EUROPEAN MARKETS LEAD STOCK BOUNCE -- EUROPEAN STOCK INDEX TESTS FEBRUARY LOW -- YIELD ON BRITISH BOND FALLS BELOW 1% -- 10 YEAR TREASURY YIELD MAY TEST 2012 BOTTOM -- EURO DROP IS ALSO BOOSTING DOLLAR
EUROPEAN STOCKS LEAD GLOBAL BOUNCE ... A rebound in European stocks is leading a rebound in the states. Chart 1 shows the Dow Jones Europe Ex UK Index climbing 2.5%. France and Germany are up a similar amount. What may be significant from a charting standpoint is that the index is testing chart support formed at its February bottom. Europe has a lot of work to do to repair chart damage done over the prior two days. But today's rebound could be a start. British shares are also trading higher (as is the British Pound). Chart 2 shows the London's FTSE 100 Index jumping 2.6% today. It's trying to climb back above its 200-day average. The relatively stronger FTSE 100 chart is misleading. That index is made up of large cap British stocks with international exposure that depend on exports. As a result, they've been supported by the recent plunge in sterling.

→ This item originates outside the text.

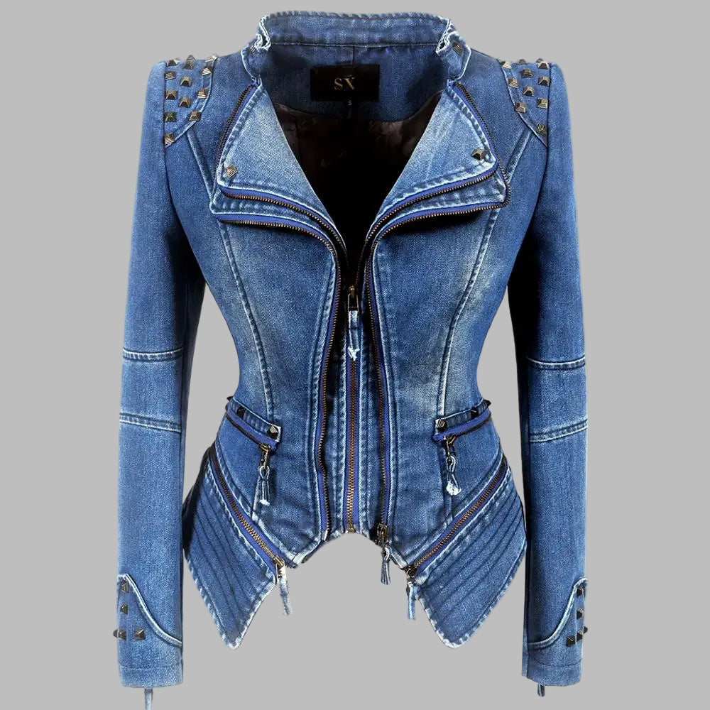 Blaue Punk-Rock-Jeansjacke mit Nieten

The FTSE 250, which is composed of midsize British stocks with a more domestic basis, have fallen twice as far as the FTSE 100. That's where the real damage in Britain has been seen.

(click to view a live version of this chart)
Chart 1

(click to view a live version of this chart)
Chart 2
BRITISH 10-YEAR YIELD FALLS BELOW 1% FOR FIRST TIME IN HISTORY... Yesterday's safe haven buying of sovereign bonds pushed the 10-Year British yield below one percent for the first time in history. As has been the case for several months, plunging foreign yields are pulling Treasury yields lower. The 10-Year Treasury yield is trading at 1.46% this morning which is the lowest yield in four years. The previous record low was set in July 2012 at 1.40%. It remains to be seen of those 2012 lows will hold.

(click to view a live version of this chart)
Chart 3
FALLING EURO ALSO BOOSTS DOLLAR... While most recent forex attention has been on the plunging British Pound, the Euro is also falling. Chart 4 shows the Euro falling to a three-month low over the last three trading days. It has also fallen below its 200-day average and a rising trendline drawn under its December/March low. The Euro loss of 3% since last Friday is much smaller than the pound's drop of more than 10%. The Euro, however, accounts for 57% of the Dollar Index versus a much smaller weight of 12% for sterling. Chart 5 shows the PowerShares Dollar Index Bullish Fund (UUP) climbing to a three-month high and testing its 200-day average. A 4% jump in the yen since last Friday has held the UUP back. The yen has a slightly bigger impact (13.6%) on the UUP than the pound. A rising dollar presents some problems of its own, which include weaker commodity prices. A stronger dollar can also hurt large U.S. multinational firms that depend on exports.

(click to view a live version of this chart)
Chart 4

(click to view a live version of this chart)
Chart 5
BROKERS AND INSURERS ARE ALSO FALLING... Banks aren't the only financial stocks under pressure from plunging bond yields. Chart 6 shows the U.S. Broker-Dealers iShares (IAI) trading at the lowest level in four months (as are banks). Chart 7 shows U.S. Insurance iShares (IAK) in a similar situation. Their 14-day RSI lines (below each chart) have reached oversold territory at 30 suggesting that the decline may be getting overdone. That's usually not enough, however, to signal a bottom. A glance back at the February bottom on both charts shows that it usually takes two RSI moves into oversold territory to signal a bottom (green arrows). That suggests that we be getting close, but aren't there yet. In all three cases, however, the main culprit is the plunge in Treasury yields. Financial stocks need higher interest rates to boost profits. That being the case, financial stocks may remain under pressure until global bond yields show some signs of stabilization.

(click to view a live version of this chart)
Chart 6

(click to view a live version of this chart)
Chart 7
S&P 500 BOUNCES FROM INITIAL SUPPORT ... Short-term chart damage has certainly be done to U.S. stock indexes. Yesterday's drop saw the S&P 500 fall below its May low and 200-day average after two days of heavy trading. So far, however, the damage has been much smaller than that suffered at the start of the year. The three green lines in Chart 8 mark Fibonacci percentage retracement levels measured from the February bottom to its June peak. The SPX is bouncing slightly off its 38% retracement line today which is usually the first line of potential support. If that doesn't hold, a more important support line resides at the 50% retracement line. A drop to that level would also probably put it in enough of oversold condition to prompt some new buying.